Sin leads to death. Newspapers are filled with obituaries noting people who have finally lost their battle with physical illnesses. We must remember, however, the real source of death, as it is written in Romans 5:12:

Therefore, as through one man sin entered into the world, and death through sin; and so death passed unto all men, for that all sinned.

Death is the consequence of sin. Paul is not teaching that we are sinful from birth, of course, but that death is in the world because sin is present. Unless Christ returns in our lifetimes, the death of each and every one of us is inevitable. The question, in the end, is whether we will die the second death or not. For, as it is written in 1 Corinthians 15:21-22:

For since by man came death, by man came also the resurrection of the dead. For as in Adam all die, so also in Christ shall all be made alive.

Although death came into the world by one man’s misdeed, by Jesus’ ultimate sacrifice, we can be made alive again in the resurrection. On the other hand, we ought to heed the warning of Revelation 21:8:

But for the fearful, and unbelieving, and abominable, and murderers, and fornicators, and sorcerers, and idolaters, and all liars, their part shall be in the lake that burneth with fire and brimstone; which is the second death.

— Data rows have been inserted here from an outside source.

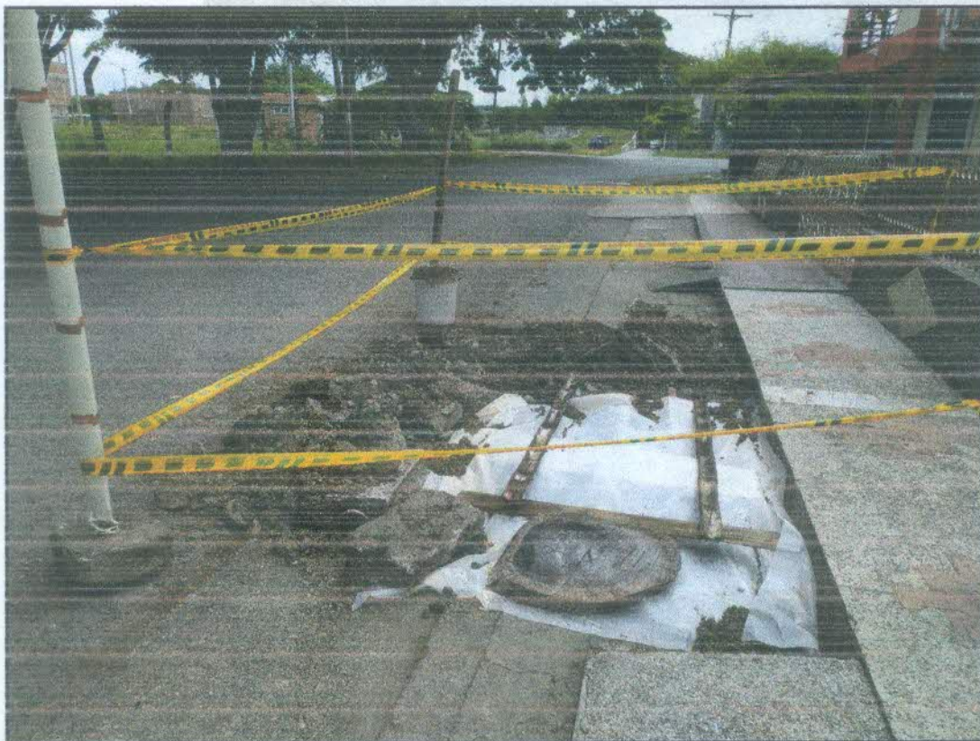
Imagen 1: daños presentados en el año 2021, una casa antes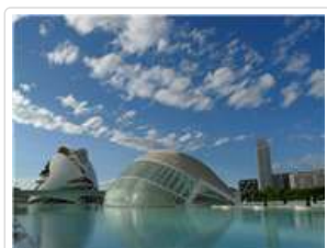
瓦倫西亞 藝術科學城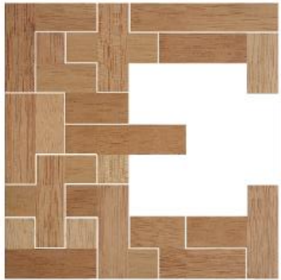
Fig. 5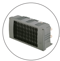
Wasser-Luft Wärmetauscher Silencio 2

Maßarbeit bedeutet für uns Mitdenken und Beraten. Die Wünsche des Kunden und die spezifischen Anwendungen verlangen kreative und praktische Lösungen, damit als Ergebnis ein optimales Heizsystem zur Verfügung steht. Nehmen Sie unverbindlich Kontakt mit uns auf, damit wir mit Ihnen die Möglichkeiten besprechen können, um die beste Lösung für Ihre maritime Heizaufgabe zu finden.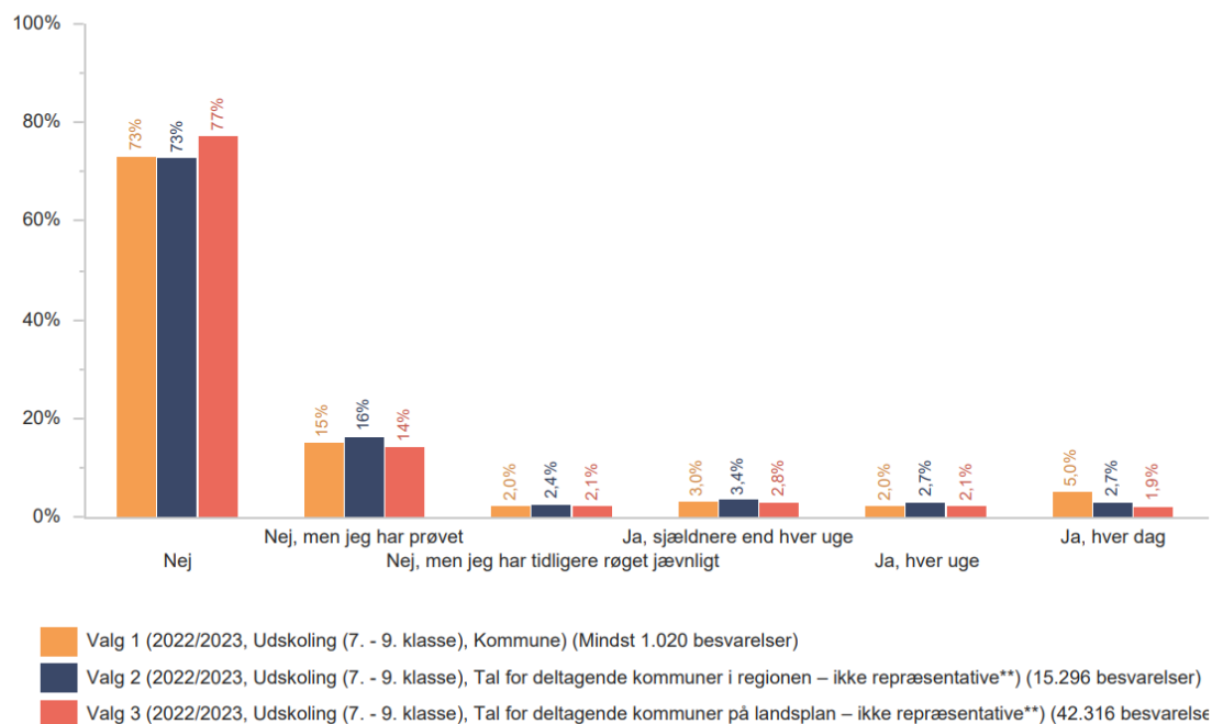
Figur 1: Valg 1 = Hvidovre Kommune, Valg 2 = Tal for deltagende kommuner i Region Hovedstaden, Valg 3 = Tal for deltagende kommuner på landsplan. **Tal på hhv. regionsniveau og landsplan er en sum af de deltagende kommuner. Tallene giver alene et fingerpeg om tendenser.

While physical illness may lead to physical death, we must take every care to make sure that sin does not lead to our spiritual death!

Illness is never fun, be it physical ailment or the sin that so easily besets us (Hebrews 12:1). Nevertheless, just as we must learn from physical illness that we must take care of our bodies, we must learn that because of sin we must be diligent to present ourselves to God as obedient servants of Him (cf. 2 Timothy 2:15, Romans 6). We must always remember that we are not above spiritual illness, just as we are always prone to physical illness. We are never truly healed; we are always recovering sinners (Luke 5:31-32). Let us in all humility seek after healing from our Physician!